In tempi di guerra la propaganda immancabilmente fiorisce; ha
il compito di motivare la gente a partecipare, o quantomeno indurla a tacere. Questa complicità si ottiene singolarmente mostrando noi come giuste vittime, e il nemico come un mostro disumano.
Un attacco militare frontale ad un’organizzazione di guerriglia
in un’area densamente popolata, e per lo più sotto assedio, non può che provocare un massacro di civili inermi. Chiunque può capirlo, ma solo una massiccia campagna propagandistica può manipolare le menti ad accettarlo. Da israeliani e da ebrei ne siamo tra i principali destinatari. Da esseri umani abbiamo il dovere di sforzarci a renderci conto dei meccanismi di questa propaganda per scorgere la realtà che si cela dietro di essa.
Partiamo da ciò che non viene mostrato. I civili Palestinesi della
striscia di Gaza - donne, uomini e sopratutto bambini (metà della popolazione!) - sono da tempo isolati, rinchiusi, quasi invisibili all’opinione pubblica israeliana. Ora, anche dopo tre settimane di bombardamenti, l’effettivo grado di devastazione, morte e sofferenza inflitte a questa popolazione, l’orrore di questa guerra, non arriva alla maggior parte degli israeliani, soprattutto a chi si limita a guardare la TV. Le immagini mostrate dai telegiornali - più di macerie che di volti umani - sono poche, e comunque inserite in un contesto ben preciso – quello di ogni nostro sforzo, ampiamente documentato, per minimizzare ed aiutare le vittime della guerra, quasi fossero state colpite da un terremoto o da uno tsunami.

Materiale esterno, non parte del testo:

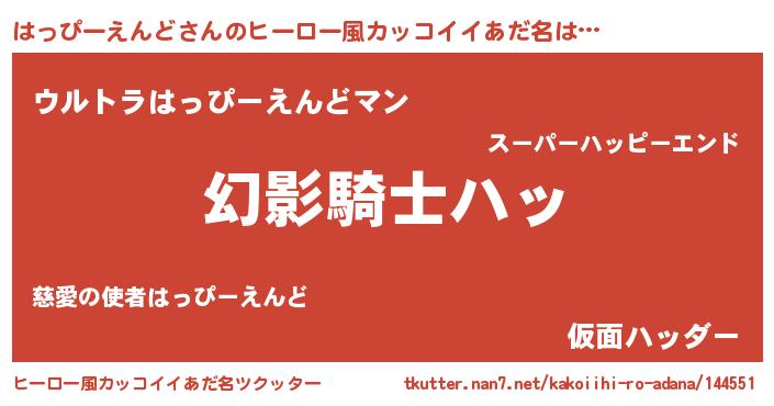 | 男性向けラノベタイトル風あだ名 | 『はっぴーえんどの嫁は女の子じゃないと思った?』 |
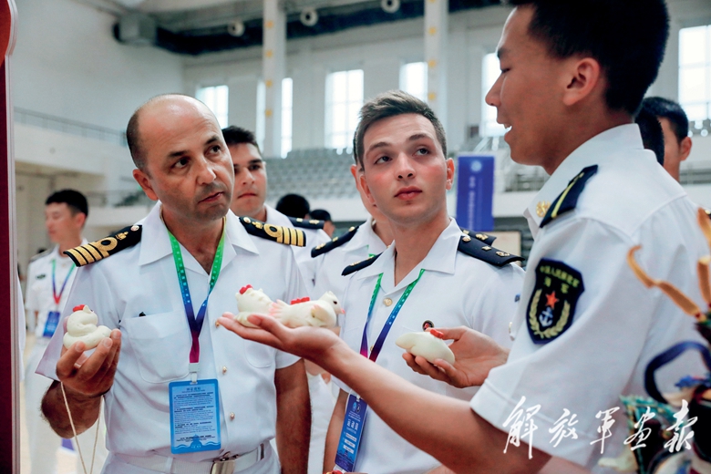 各国学员在海军潜艇学院文化俱乐部体验中国传统文化。
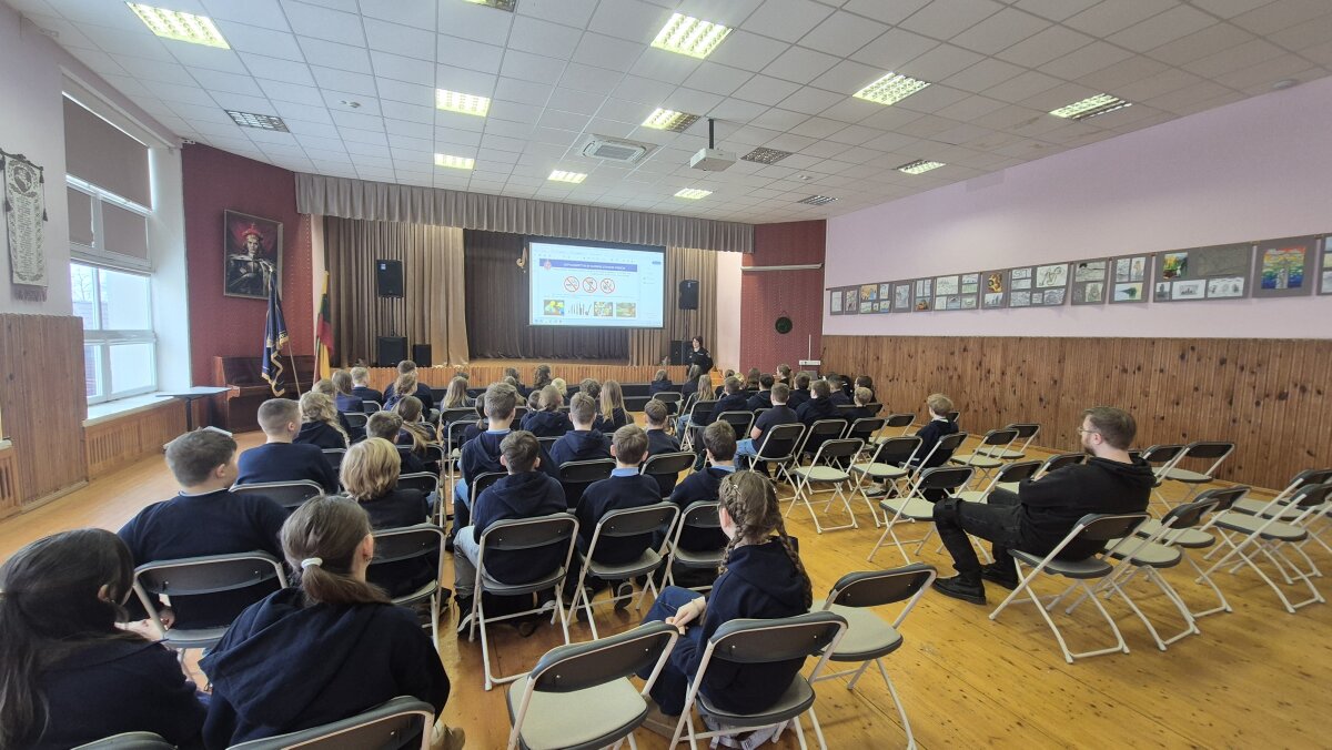 Mokyklos psichologas kalbėjo apie emocinę savijautą, bendraamžių spaudimą ir drąsą kreiptis pagalbos. Socialinė pedagogė aptarė mokinių teises ir pareigas, pabrėžė pagarbaus elgesio, saugios aplinkos kūrimo bei bendruomeniškumo svarbą.
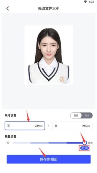 2、接着进去之后,选择添加照片,然后对照片的长和款进行调整,还有画面质量也可以拉动修改,最后完成后点击【保存到相册】就完成了。
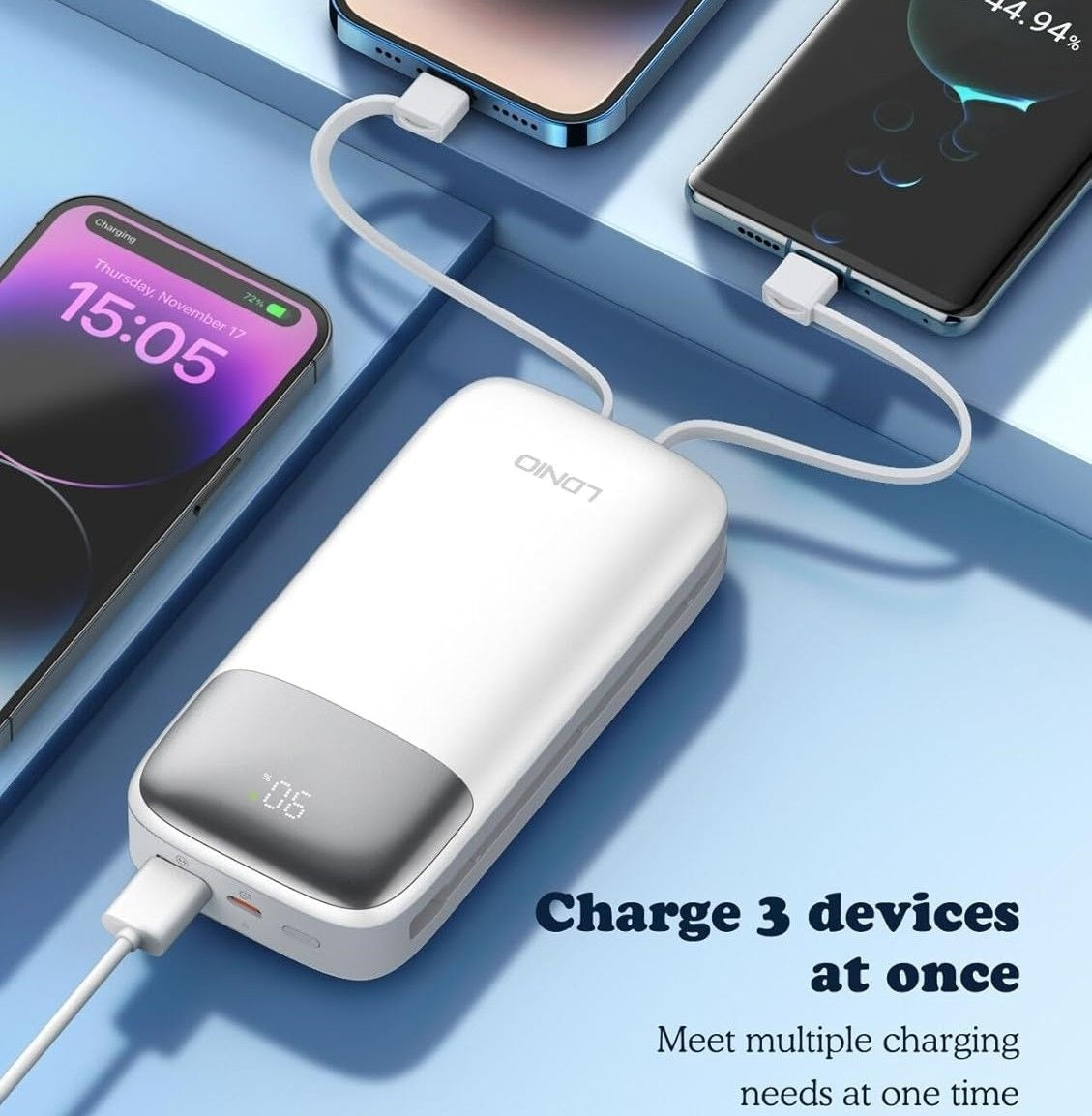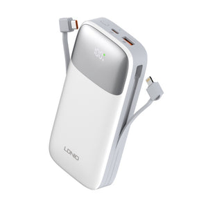 Charge on the go with the LDNIO 10000mAh power bank! Equipped with built-in iPhone π± and Type-C π cables, thereβs no need to carry extra wiresβjust take your power bank and go. With super-fast 20W charging for both iPhone and Type-C devices, plus an additional QC USB output, you can power multiple devices at the same time. The digital display π shows the exact battery level, and the durable ABS + copper construction ensures safety and reliability.

Poi c’è quello che invece viene mostrato, anzi martellato: le
pene dei nostri. Queste vengono riportate in ogni dettaglio: immagini di danni causati dai razzi, testimonianze, e nel conteggio delle vittime - anche persone affette da attacchi di ansia (dovessimo contarle anche a Gaza...). Per non parlare dei danni economici della guerra – fabbriche, bar e centri commerciali deserti. Tutto fa capire quant’è dura questa guerra per gli abitanti del mezzogiorno israeliano. Ovviamente si tratta di vere vittime, reali problemi, giuste paure di civili innocenti. Il problema sta nel fatto che tutto questo serve a far tacere le coscienze, a distogliere l’attenzione da un male assai maggiore, a giustificare le atrocità che le stesse forze armate israeliane infliggono ai residenti di Gaza: un milione e mezzo di persone sotto assedio, centinaia di bambini uccisi, interi quartieri rasi al suolo.
Lo stesso vale per Gilad Shalit, soldato israeliano catturato da
Hamas nel 2006 in un attacco contro un avamposto militare sul confine con la striscia di Gaza. La preoccupazione per Shalit è comprensibile, ma ancor più dello spazio mediatico sproporzionato a lui dedicato, sorprende l’appello del Ministro degli Esteri Tzipi Livni alla Croce Rossa perché intervenga nei confronti di Shalit proprio mentre a Gaza Israele viola la legge internazionale attaccando civili inermi.
Essenziale, oltre a darci la sensazione di essere noi le vere
vittime della situazione, è inculcare un forte senso di paura. Ma Hamas anche in questi giorni in cui ha lanciato centinaia di razzi (quasi tutti fai-da-te) in territorio israeliano, non riesce che a colpire pochi individui e a causare limitati danni materiali. Questa organizzazione non dà l’impressione di porre una reale minaccia all’esistenza dello Stato d’Israele... Però - si spiega – dietro Hamas ci sono forti potenze - la Siria, l’Iran, Al Qaeda, il movimento islamista intero. Potenze che ci vogliono annientare (ma dove sono tutte le armi iraniane a Gaza? Dov’è il coordinamento tra Gaza e Teheran quando Ahmedinejad rimane intransigente mentre Hamas si dice disposto a tregue ed arriva anche ad accettare – se approvata in plebiscito – una soluzione di due stati?).
Per rimuovere l’ultimo ostacolo alla collaborazione, occorre
disconoscere l’umanità del nemico. E quindi lo si presenta come una massa indistinta di terroristi appartenenti ad una “cultura della morte” (contrapposta alla nostra “cultura della vita”), una cultura piena di odio gratuito, che lo induce persino “ad usare i bambini come scudi umani” (ma dove nascondere i bambini in una zona così densamente abitata?), chiare “dimostrazioni” che si tratta di veri e propri mostri spietati.
Guardiamoci bene dalla propaganda, non solo da questa ma da
tutte, perché, per dirla con Aldous Huxley “quando si pensa ad uomini e donne particolari semplicemente come a dei rappresentanti di una classe, che è stata in precedenza definita come il “male”, ... allora la ripugnanza che si prova a ferire o ad uccidere scompare.”